**Required work:** Below are entries to be transcribed exactly; exclude the pictures from the copy.

**Records to process:**

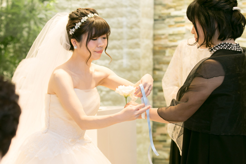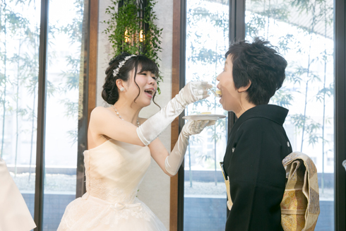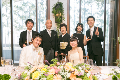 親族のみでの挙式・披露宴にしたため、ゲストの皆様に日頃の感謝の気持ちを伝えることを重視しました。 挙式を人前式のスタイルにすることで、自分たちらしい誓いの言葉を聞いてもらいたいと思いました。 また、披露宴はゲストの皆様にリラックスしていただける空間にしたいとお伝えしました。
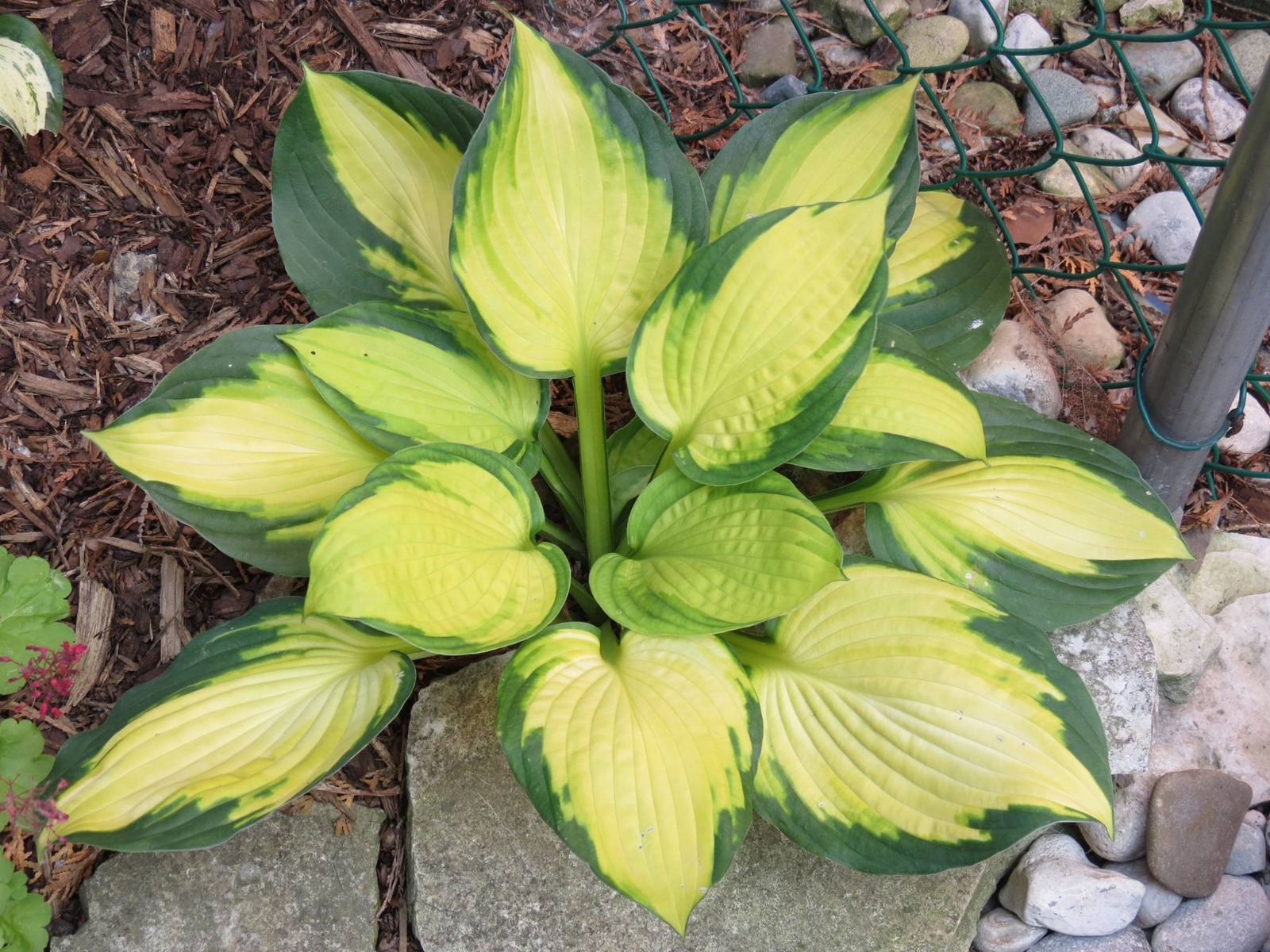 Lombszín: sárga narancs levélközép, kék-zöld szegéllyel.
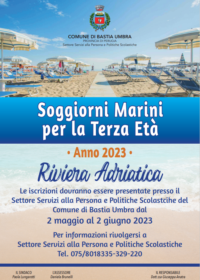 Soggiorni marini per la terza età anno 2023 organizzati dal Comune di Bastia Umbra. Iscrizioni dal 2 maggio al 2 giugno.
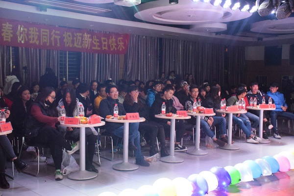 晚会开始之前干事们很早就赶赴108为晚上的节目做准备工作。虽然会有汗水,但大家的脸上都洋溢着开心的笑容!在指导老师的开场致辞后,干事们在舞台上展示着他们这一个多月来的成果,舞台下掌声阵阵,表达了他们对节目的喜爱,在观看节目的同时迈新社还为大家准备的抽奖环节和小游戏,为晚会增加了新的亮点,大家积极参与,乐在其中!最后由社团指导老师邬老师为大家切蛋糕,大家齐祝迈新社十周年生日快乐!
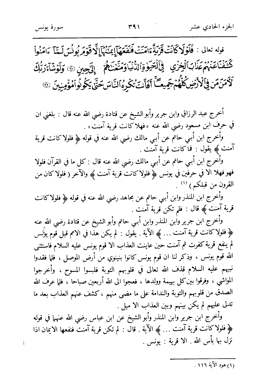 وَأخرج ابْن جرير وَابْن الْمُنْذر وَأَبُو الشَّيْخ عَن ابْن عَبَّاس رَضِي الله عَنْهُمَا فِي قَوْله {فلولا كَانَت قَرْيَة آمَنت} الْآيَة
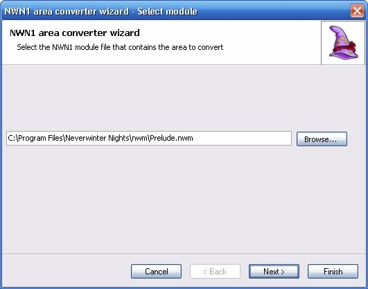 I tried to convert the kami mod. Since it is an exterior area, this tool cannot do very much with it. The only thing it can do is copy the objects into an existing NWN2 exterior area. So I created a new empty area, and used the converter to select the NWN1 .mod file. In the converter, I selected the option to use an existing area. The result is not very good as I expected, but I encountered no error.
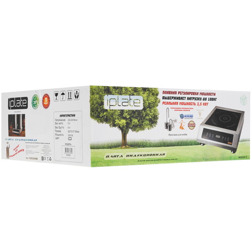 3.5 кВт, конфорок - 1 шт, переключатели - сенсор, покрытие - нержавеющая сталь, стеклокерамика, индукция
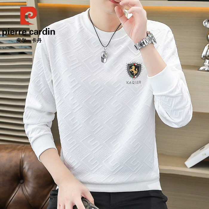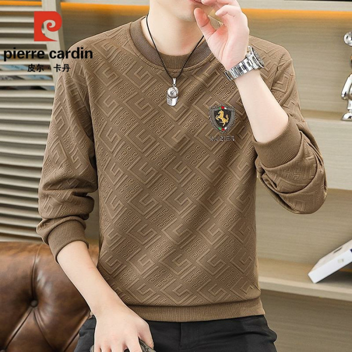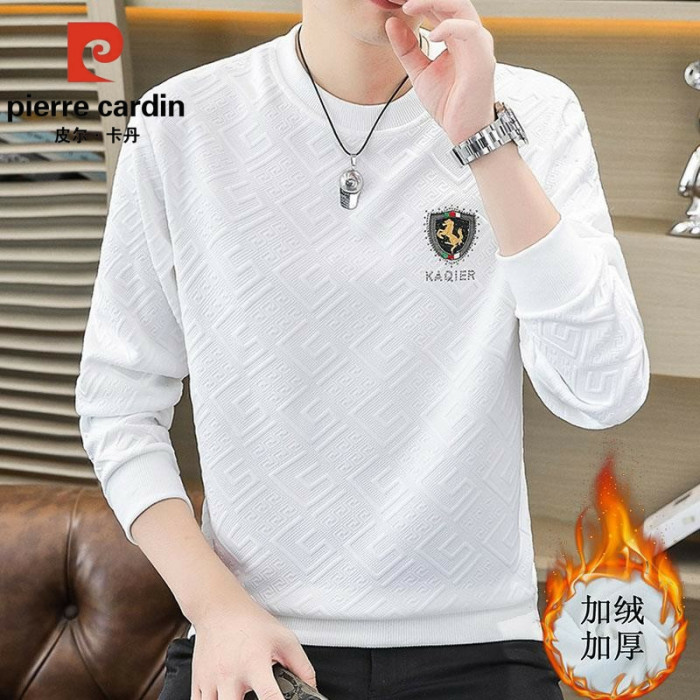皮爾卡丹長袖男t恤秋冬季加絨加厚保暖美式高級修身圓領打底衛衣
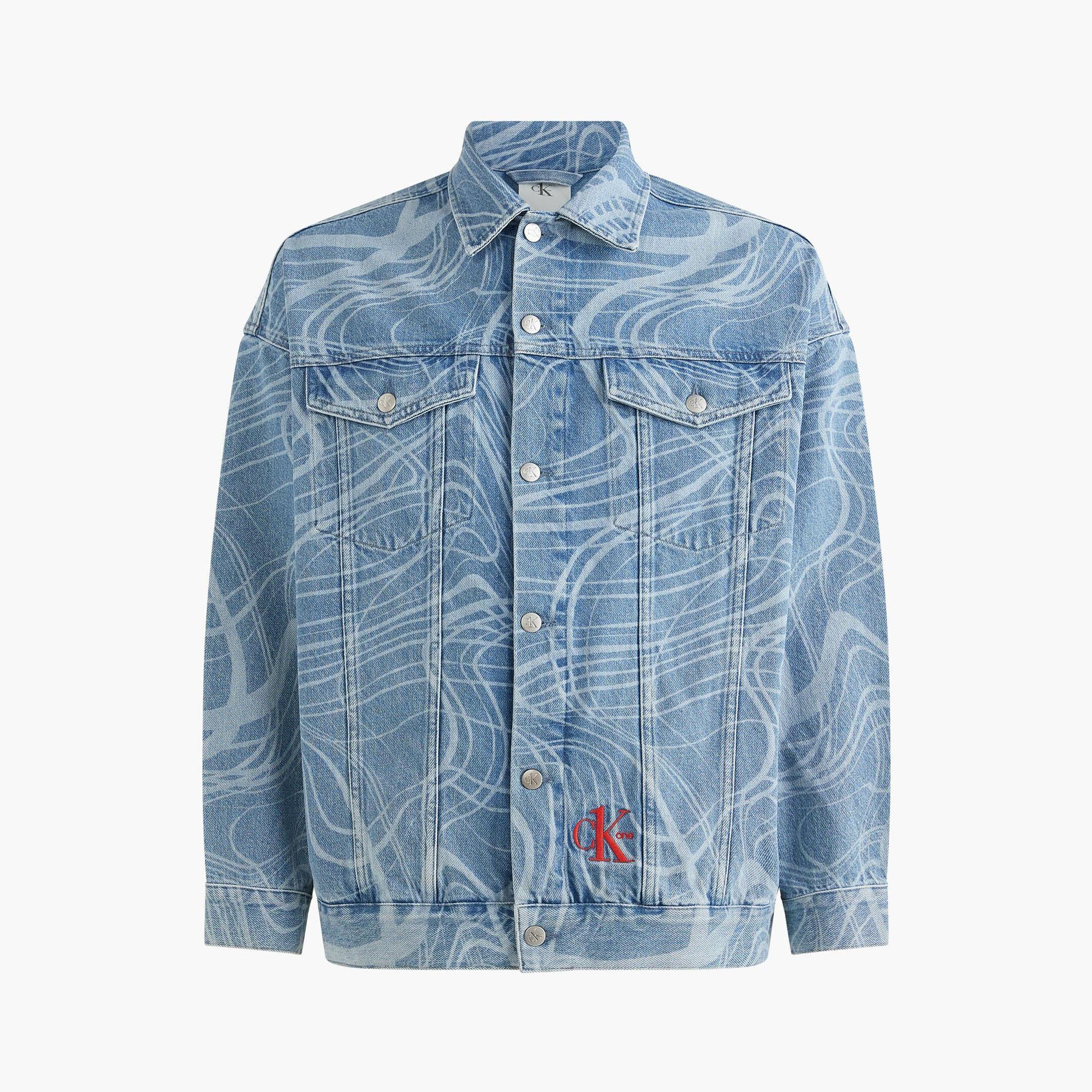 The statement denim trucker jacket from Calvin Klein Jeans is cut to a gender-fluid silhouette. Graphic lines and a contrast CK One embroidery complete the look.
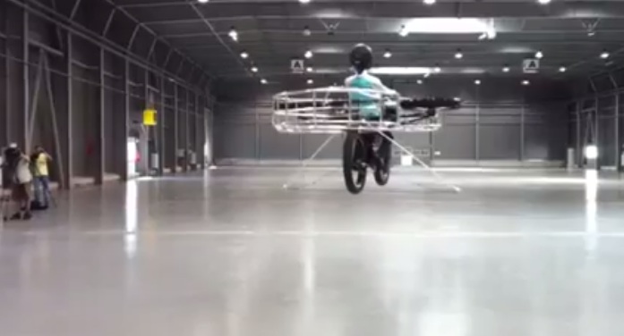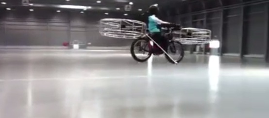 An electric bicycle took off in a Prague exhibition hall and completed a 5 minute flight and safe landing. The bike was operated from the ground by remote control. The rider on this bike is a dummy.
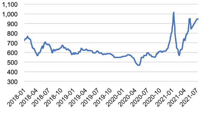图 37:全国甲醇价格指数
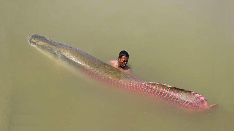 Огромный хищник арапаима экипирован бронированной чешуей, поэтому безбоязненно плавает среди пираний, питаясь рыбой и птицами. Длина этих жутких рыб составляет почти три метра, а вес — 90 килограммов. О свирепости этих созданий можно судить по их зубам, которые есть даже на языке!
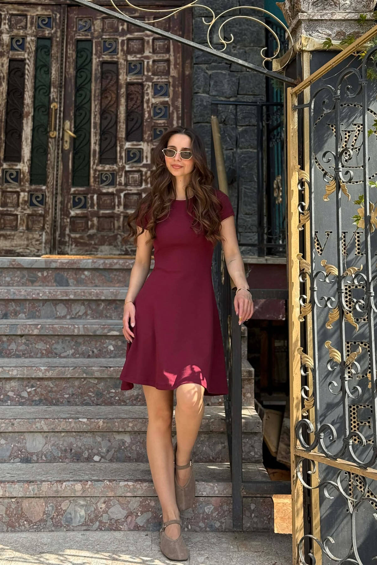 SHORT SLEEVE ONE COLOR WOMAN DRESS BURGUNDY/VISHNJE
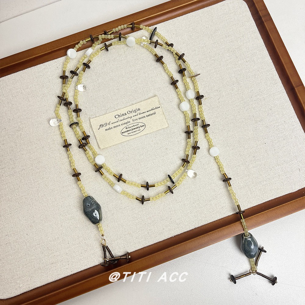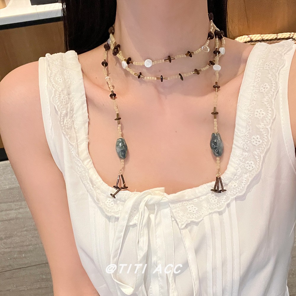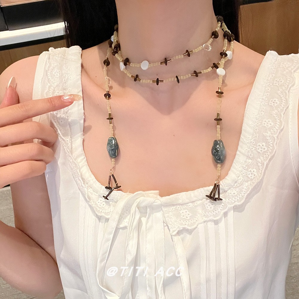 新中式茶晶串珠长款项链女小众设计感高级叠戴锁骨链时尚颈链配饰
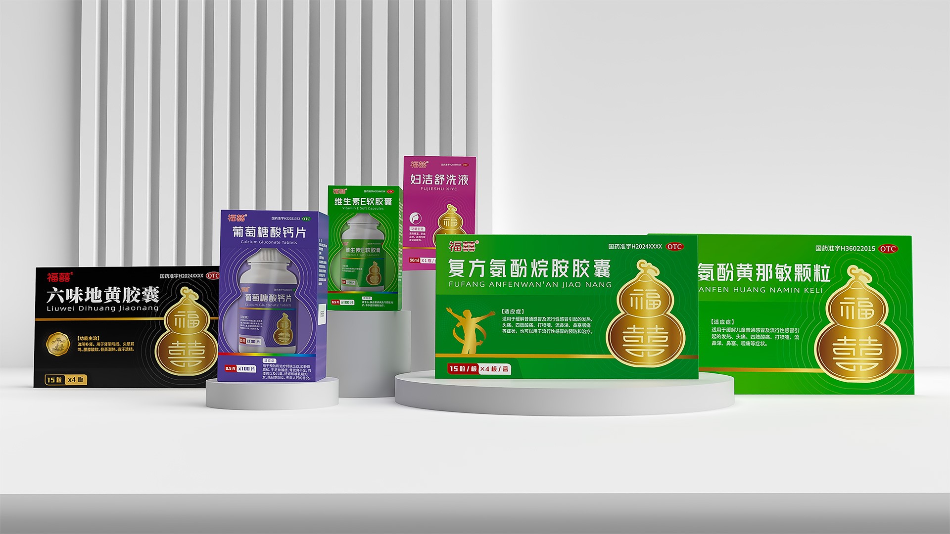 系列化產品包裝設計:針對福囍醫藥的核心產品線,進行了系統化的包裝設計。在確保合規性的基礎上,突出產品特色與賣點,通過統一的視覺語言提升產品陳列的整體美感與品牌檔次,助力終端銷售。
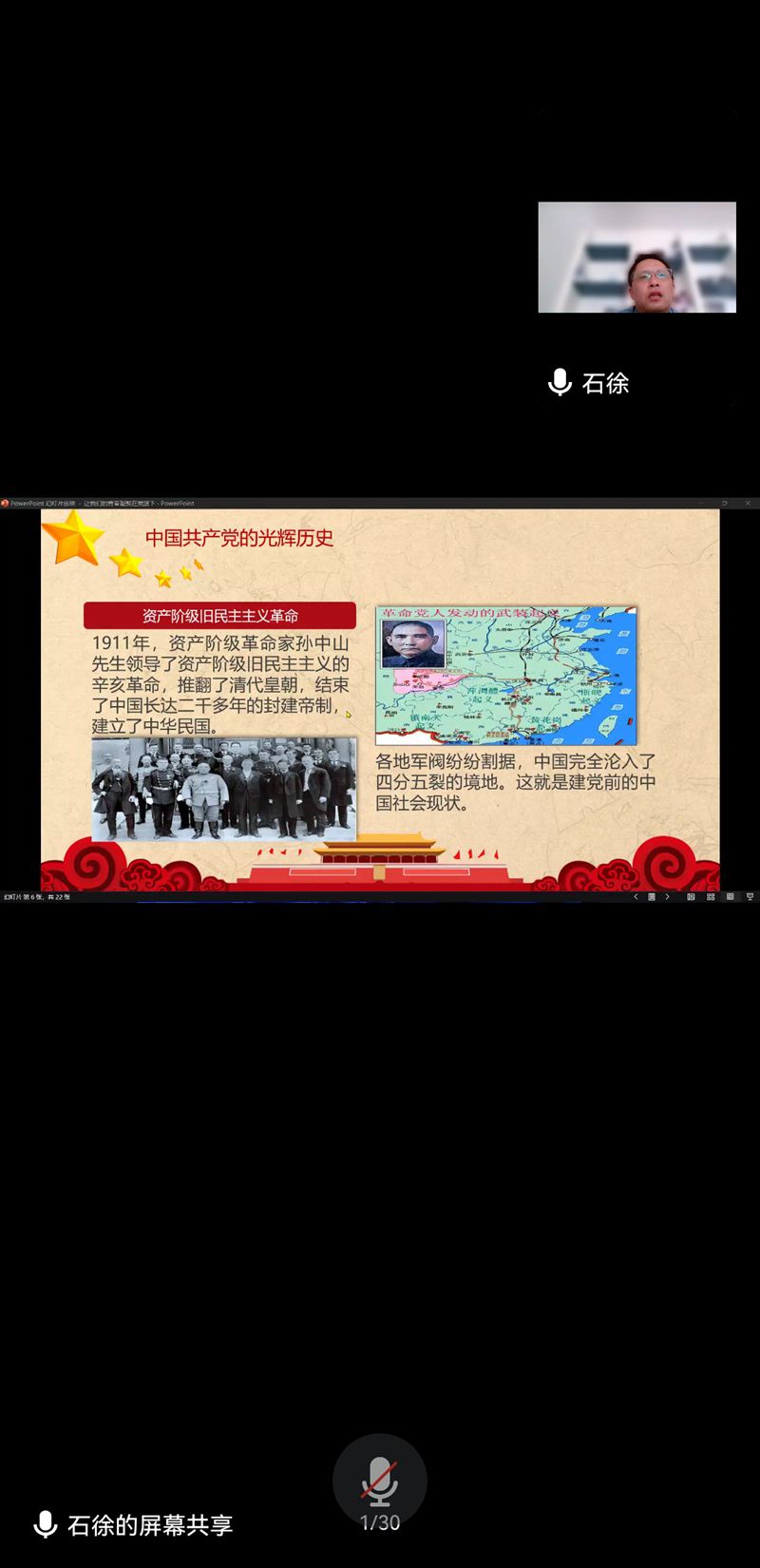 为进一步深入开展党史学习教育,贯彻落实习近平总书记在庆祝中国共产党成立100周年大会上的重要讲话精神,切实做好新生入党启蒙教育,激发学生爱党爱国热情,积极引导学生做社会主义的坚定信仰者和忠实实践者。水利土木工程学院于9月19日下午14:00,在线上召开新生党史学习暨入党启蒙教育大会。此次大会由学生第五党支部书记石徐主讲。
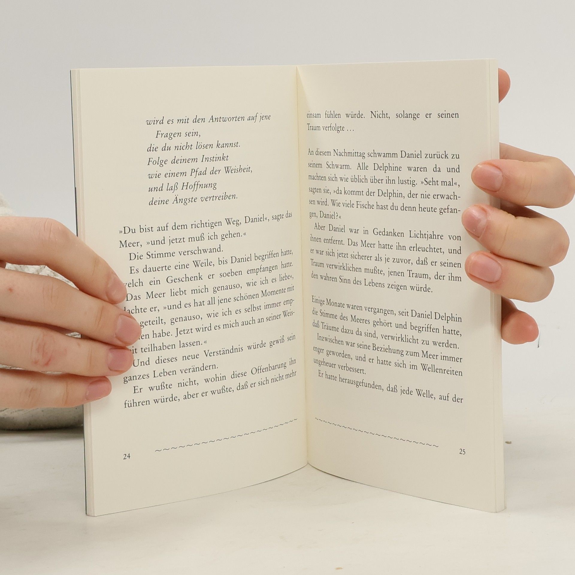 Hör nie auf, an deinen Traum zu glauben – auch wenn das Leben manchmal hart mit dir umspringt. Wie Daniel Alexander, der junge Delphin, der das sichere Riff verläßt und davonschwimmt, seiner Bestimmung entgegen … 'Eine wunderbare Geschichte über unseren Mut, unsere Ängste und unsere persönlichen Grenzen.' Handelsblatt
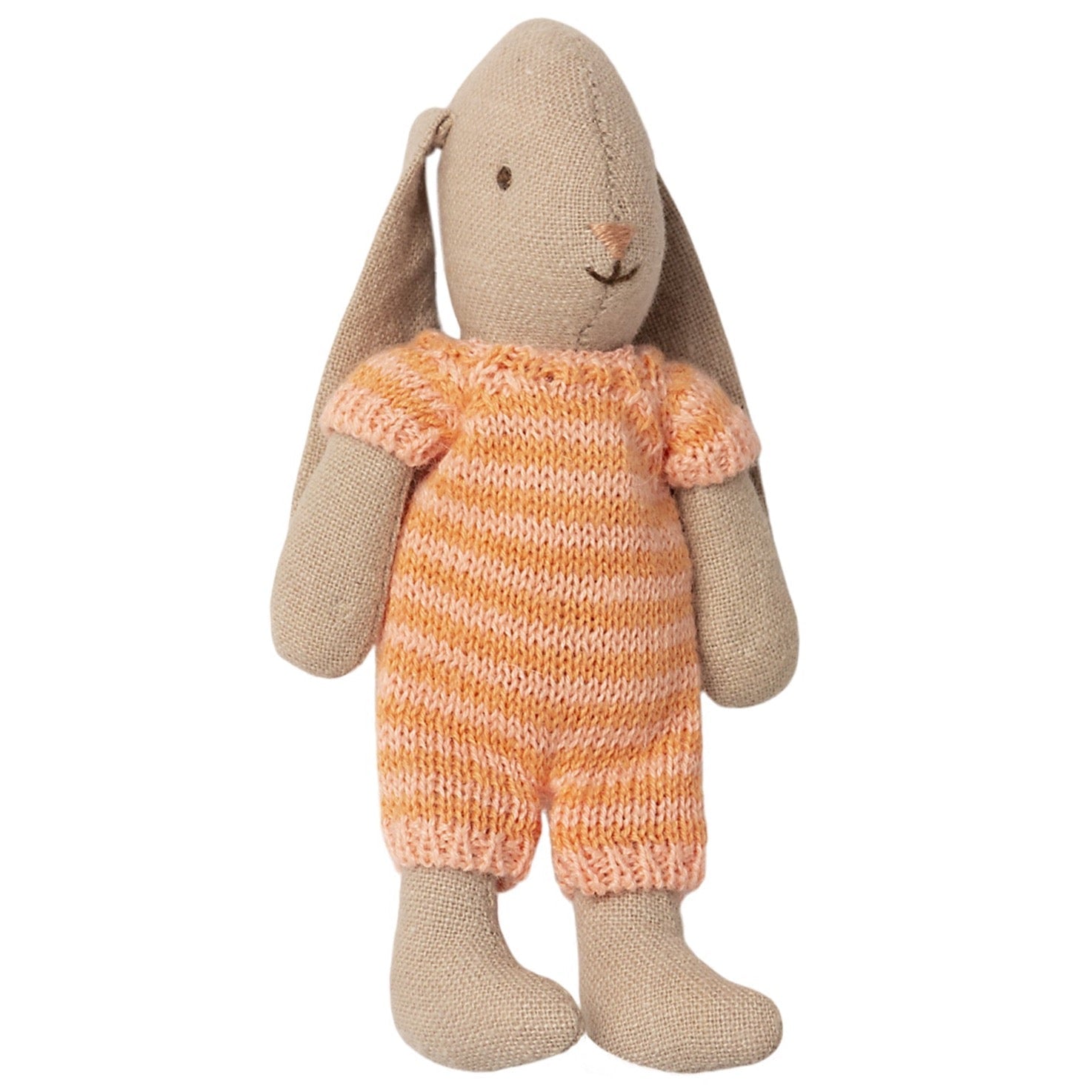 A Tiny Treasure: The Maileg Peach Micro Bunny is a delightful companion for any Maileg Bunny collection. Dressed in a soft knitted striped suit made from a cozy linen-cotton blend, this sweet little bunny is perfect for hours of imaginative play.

**Task output:**
 親族のみでの挙式・披露宴にしたため、ゲストの皆様に日頃の感謝の気持ちを伝えることを重視しました。 挙式を人前式のスタイルにすることで、自分たちらしい誓いの言葉を聞いてもらいたいと思いました。 また、披露宴はゲストの皆様にリラックスしていただける空間にしたいとお伝えしました。
 Lombszín: sárga narancs levélközép, kék-zöld szegéllyel.
 Soggiorni marini per la terza età anno 2023 organizzati dal Comune di Bastia Umbra. Iscrizioni dal 2 maggio al 2 giugno.
 晚会开始之前干事们很早就赶赴108为晚上的节目做准备工作。虽然会有汗水,但大家的脸上都洋溢着开心的笑容!在指导老师的开场致辞后,干事们在舞台上展示着他们这一个多月来的成果,舞台下掌声阵阵,表达了他们对节目的喜爱,在观看节目的同时迈新社还为大家准备的抽奖环节和小游戏,为晚会增加了新的亮点,大家积极参与,乐在其中!最后由社团指导老师邬老师为大家切蛋糕,大家齐祝迈新社十周年生日快乐!
 وَأخرج ابْن جرير وَابْن الْمُنْذر وَأَبُو الشَّيْخ عَن ابْن عَبَّاس رَضِي الله عَنْهُمَا فِي قَوْله {فلولا كَانَت قَرْيَة آمَنت} الْآيَة
 I tried to convert the kami mod. Since it is an exterior area, this tool cannot do very much with it. The only thing it can do is copy the objects into an existing NWN2 exterior area. So I created a new empty area, and used the converter to select the NWN1 .mod file. In the converter, I selected the option to use an existing area. The result is not very good as I expected, but I encountered no error.
 3.5 кВт, конфорок - 1 шт, переключатели - сенсор, покрытие - нержавеющая сталь, стеклокерамика, индукция
皮爾卡丹長袖男t恤秋冬季加絨加厚保暖美式高級修身圓領打底衛衣
 The statement denim trucker jacket from Calvin Klein Jeans is cut to a gender-fluid silhouette. Graphic lines and a contrast CK One embroidery complete the look.
 An electric bicycle took off in a Prague exhibition hall and completed a 5 minute flight and safe landing. The bike was operated from the ground by remote control. The rider on this bike is a dummy.
图 37:全国甲醇价格指数
 Огромный хищник арапаима экипирован бронированной чешуей, поэтому безбоязненно плавает среди пираний, питаясь рыбой и птицами. Длина этих жутких рыб составляет почти три метра, а вес — 90 килограммов. О свирепости этих созданий можно судить по их зубам, которые есть даже на языке!
 SHORT SLEEVE ONE COLOR WOMAN DRESS BURGUNDY/VISHNJE
 新中式茶晶串珠长款项链女小众设计感高级叠戴锁骨链时尚颈链配饰
 系列化產品包裝設計:針對福囍醫藥的核心產品線,進行了系統化的包裝設計。在確保合規性的基礎上,突出產品特色與賣點,通過統一的視覺語言提升產品陳列的整體美感與品牌檔次,助力終端銷售。
 为进一步深入开展党史学习教育,贯彻落实习近平总书记在庆祝中国共产党成立100周年大会上的重要讲话精神,切实做好新生入党启蒙教育,激发学生爱党爱国热情,积极引导学生做社会主义的坚定信仰者和忠实实践者。水利土木工程学院于9月19日下午14:00,在线上召开新生党史学习暨入党启蒙教育大会。此次大会由学生第五党支部书记石徐主讲。
 Hör nie auf, an deinen Traum zu glauben – auch wenn das Leben manchmal hart mit dir umspringt. Wie Daniel Alexander, der junge Delphin, der das sichere Riff verläßt und davonschwimmt, seiner Bestimmung entgegen … 'Eine wunderbare Geschichte über unseren Mut, unsere Ängste und unsere persönlichen Grenzen.' Handelsblatt
 A Tiny Treasure: The Maileg Peach Micro Bunny is a delightful companion for any Maileg Bunny collection. Dressed in a soft knitted striped suit made from a cozy linen-cotton blend, this sweet little bunny is perfect for hours of imaginative play.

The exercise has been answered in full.